Begin at the first line of the data and copy each line through the one containing "Starting from 6th", that line included, with no pictures.

--- Given material Enclosed Below ---

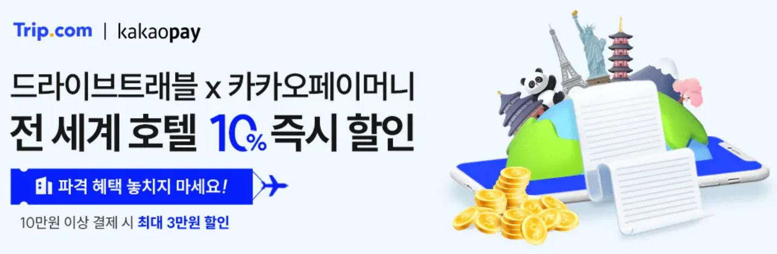 트립닷컴에서 새롭게 프로모션이 나왔다. 이번에는 할인코드가 아니라 전용링크를 통해서 이동할 경우 자동으로 10% 할인이 적용된다. 이 프로모션은 드라이브트래블x카카페이머니 프로모션이기 때문에, 10% 즉시할인은 카카오페이머니(카드 사용 불가)를 사용해야만 할인이 가능하다. 10%는 최대 3만원까지 할인 되므로, 30만원 전후의 호텔을 예약할 때 최적의 가성비다.
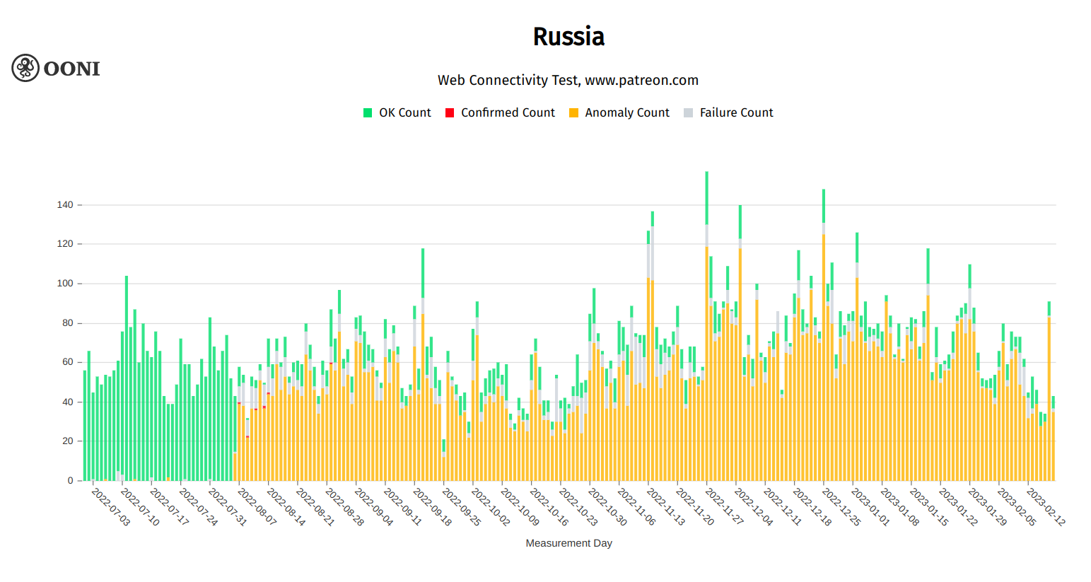 Starting from 6th August 2022, OONI data shows the blocking of Patreon in Russia.
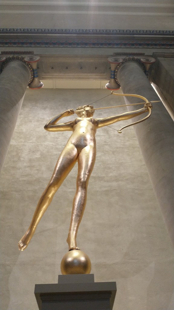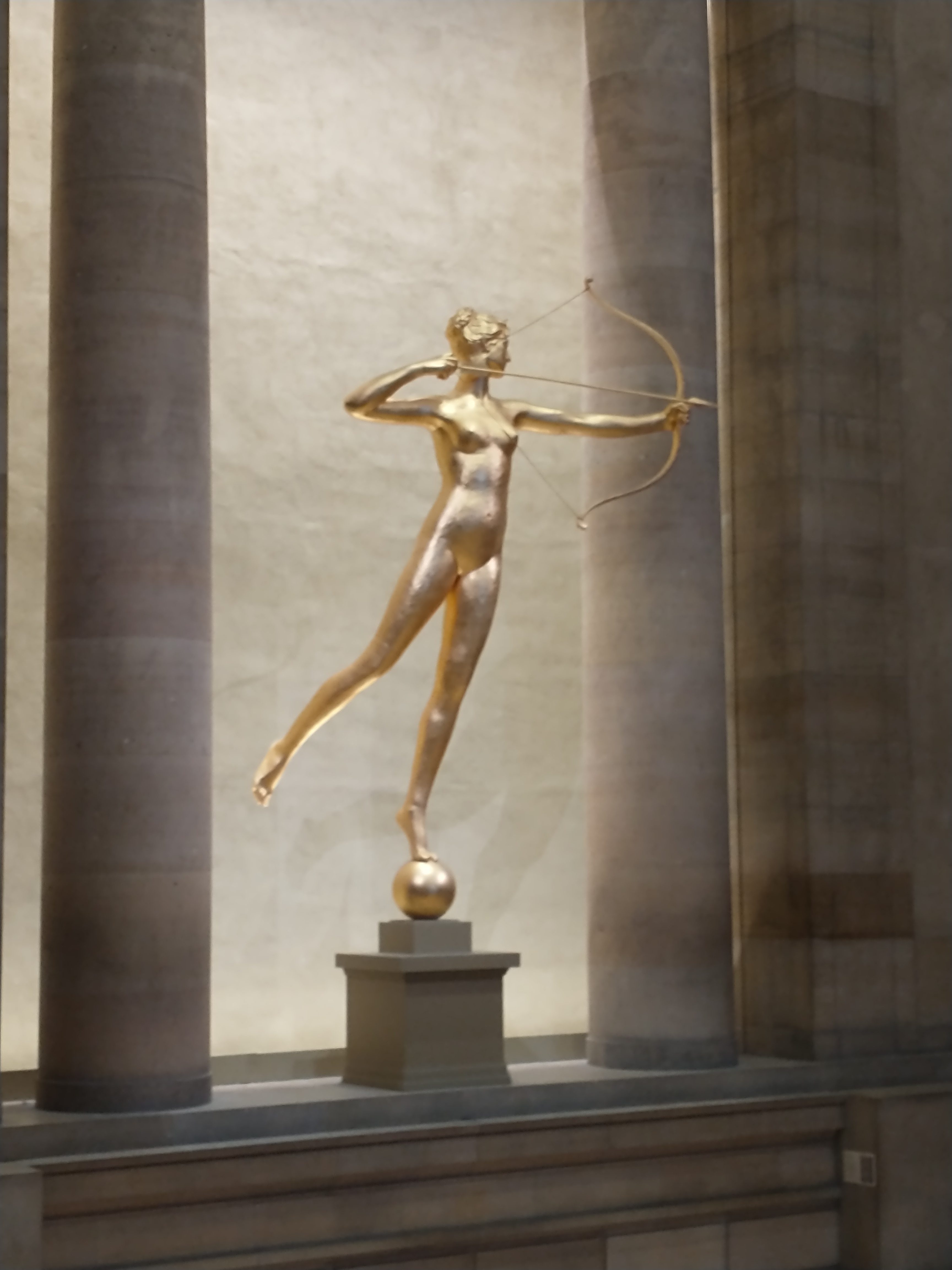 Standing at 13 feet and 1 inch, we have Diana. Made in 1892-93, she is constructed with gilded copper sheets made by Augustus Saint-Gaudens. She is the primary focus when in the Great Stair Hall of the museum. Her size can only make you look at her in awe when walking up the stairs to her. She is grand and beautiful to see. I even picked up a pin of her from the gift shop.

--- End of Enclosed Given material ---

§ Result of this task
 트립닷컴에서 새롭게 프로모션이 나왔다. 이번에는 할인코드가 아니라 전용링크를 통해서 이동할 경우 자동으로 10% 할인이 적용된다. 이 프로모션은 드라이브트래블x카카페이머니 프로모션이기 때문에, 10% 즉시할인은 카카오페이머니(카드 사용 불가)를 사용해야만 할인이 가능하다. 10%는 최대 3만원까지 할인 되므로, 30만원 전후의 호텔을 예약할 때 최적의 가성비다.
 Starting from 6th August 2022, OONI data shows the blocking of Patreon in Russia.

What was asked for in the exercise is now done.